Task prompt:
Once you find the line with "上周我熬夜改稿,咖啡都泼了键", output it and every line after it exactly, through the last line of the listing, but no pictures.

Supplied material:
******
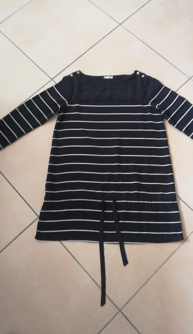 Siyah ve beyaz çizgili hamile triko, kayık yaka ve uzun kolludur. Omuzlarında düğme detayı bulunur, rahat sentetik kumaştan yapılmıştır.
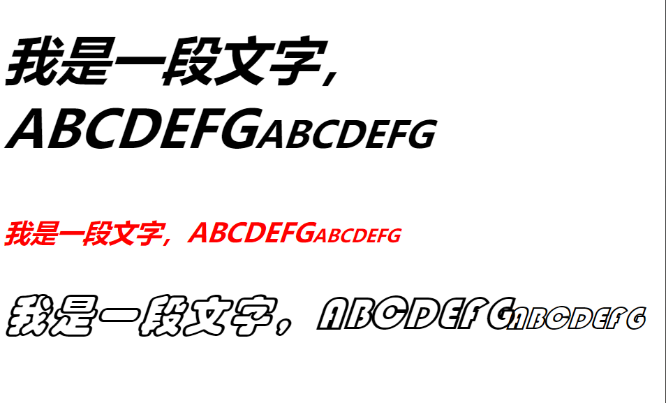 <!DOCTYPE html> <html> <head> <meta charset="UTF-8"> <title></title> <style type="text/css"> .p1{ color: red; font-size: 30px; font-family: "微软雅黑"; /* * font-style可以用来设置文字的斜体 * - 可选值: * normal,默认值,文字正常显示 * italic 文字会以斜体显示 * oblique 文字会以倾斜的效果显示 * - 大部分浏览器都不会对倾斜和斜体做区分, * 也就是说我们设置italic和oblique它们的效果往往是一样的 * - 一般我们只会使用italic */ font-style: italic; /* * font-weight可以用来设置文本的加粗效果: * 可选值: * normal,默认值,文字正常显示 * bold,文字加粗显示 * * 该样式也可以指定100-900之间的9个值, * 但是由于用户的计算机往往没有这么多级别的字体,所以达到我们想要的效果 * 也就是200有可能比100粗,300有可能比200粗,但是也可能是一样的 */ font-weight: bold; /* * font-variant可以用来设置小型大写字母 * 可选值: * normal,默认值,文字正常显示 * small-caps 文本以小型大写字母显示 * * 小型大写字母: * 将所有的字母都以大写形式显示,但是小写字母的大写, * 要比大写字母的大小小一些。 */ font-variant: small-caps ; } .p2{ /*设置一个文字大小*/ font-size: 50px; /*设置一个字体*/ font-family: 华文彩云; /*设置文字斜体*/ font-style: italic; /*设置文字的加粗*/ font-weight: bold; /*设置一个小型大写字母*/ font-variant: small-caps; } .p3{ /* * 在CSS中还为我们提供了一个样式叫font, * 使用该样式可以同时设置字体相关的所有样式, * 可以将字体的样式的值,统一写在font样式中,不同的值之间使用空格隔开 * * 使用font设置字体样式时,斜体 加粗 小大字母,没有顺序要求,甚至可写可不写, * 如果不写则使用默认值,但是要求文字的大小和字体必须写,而且字体必须是最后一个样式 * 大小必须是倒数第二个样式 * * 实际上使用简写属性也会有一个比较好的性能 */ font: small-caps bold italic 60px "微软雅黑"; } </style> </head> <body> <p class="p3">我是一段文字,ABCDEFGabcdefg</p> <p class="p1">我是一段文字,ABCDEFGabcdefg</p> <p class="p2">我是一段文字,ABCDEFGabcdefg</p> </body> </html>
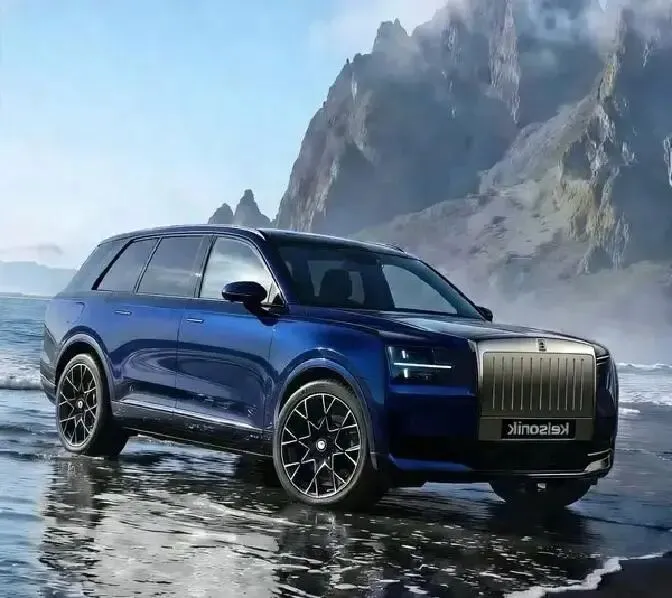上周我熬夜改稿,咖啡都泼了键盘,就为扒出这车的细节。结果一瞅渲染图,直接躺平:方正得像座小堡垒,前脸竖条格栅大得能当屏风,深蓝车身配黑窗,开出去保准回头率爆表。设计师说:“这车要是真能落地,豪华品牌得改行卖菜了。”
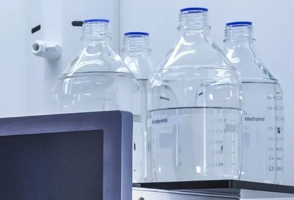 ▲ 放置于 Pure 儀器頂部托盤內的流動相
******
Exercise response:
上周我熬夜改稿,咖啡都泼了键盘,就为扒出这车的细节。结果一瞅渲染图,直接躺平:方正得像座小堡垒,前脸竖条格栅大得能当屏风,深蓝车身配黑窗,开出去保准回头率爆表。设计师说:“这车要是真能落地,豪华品牌得改行卖菜了。”
 ▲ 放置于 Pure 儀器頂部托盤內的流動相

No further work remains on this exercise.